Except for a week in November and a week in January, we have had quite a warm winter, a very wet warm winter. It has been great growing weather, the type of weather we wish we had in the spring and fall, the type of weather that we have, in general, lost. We stopped harvesting and delivering shares in mid-January. It is a decision we have to make every winter, the result not of an inability to grow through that time, but instead, not enough human hours between Lalo and I to continue doing it and getting ready for the spring season and catching up on mountains of paperwork that get put off all season. It is one of the many farm-labor-economy conundrums that keeps local, organic food out of the supply chain. It is something that really frustrates me, and something we continue to try to solve. In fact, we still have plenty of food in our fields (kale, collards, chard, spinach, lettuce, bok choy and other Asian mustards, sprouting broccoli, cabbage, carrots, parsnips, and Jerusalem artichokes, not to mention hundreds of pounds of winter squash in our basement). Some of our winter CSA members have picked veggies weekly, taking advantage of the bounty.

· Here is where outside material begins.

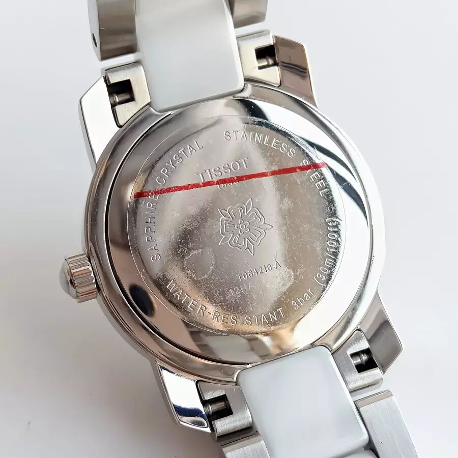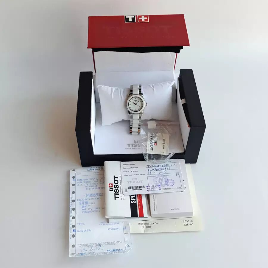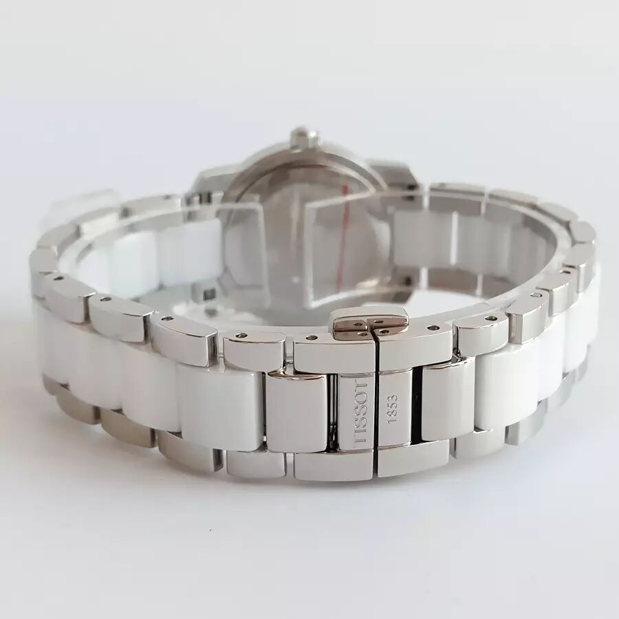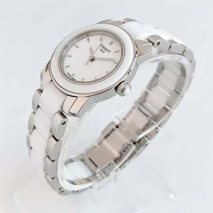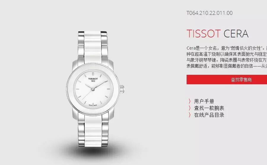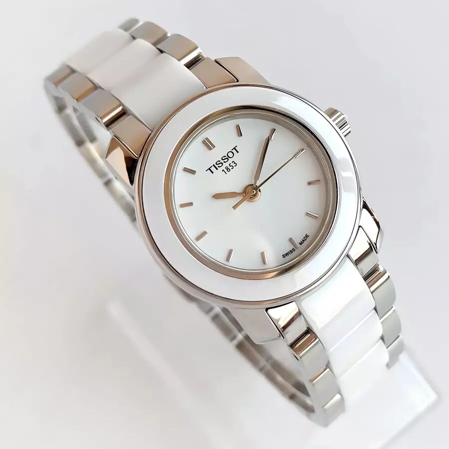 天梭瓷艺系列白陶瓷精钢款三针石英女士腕表。型号:T064.210.22.011.00,Cera是一个女名,意为“燃情似火的女性”。而这也完美体现了该款手表的材料——陶瓷,一种在超高温下烧制以确保其表面抛光与稳定性。28MM表径,白色表盘,立体钉条刻度,剑形指针,蓝宝石水晶镜面,搭载精准省事的石英机芯,女士佩戴极佳。陶瓷表链,折叠扣。

The rest of it has fed us and our animals. Much of it, in the end, will be donated or just get tilled in, as we begin planting for our April harvests.






Despite the winter veggies still left in the fields, we have turned all of our attention to the spring harvest. The greenhouse is full of transplants. Many of which we will transplant out as soon as there is a dry window. We have begun seeding in the fields (carrots, peas, and spinach). And our van is full of seed potatoes from New Sprouts in NC, ready to be planted. We continue seeding every week; we are now seeding summer crops like bell peppers and tomatoes. When we can’t get a tractor on the fields, we are doing odd jobs around the farm like fixing fences and tractor maintenance that we only get to this time of year and putting together paperwork for our annual organic inspection, taxes, and grant reports.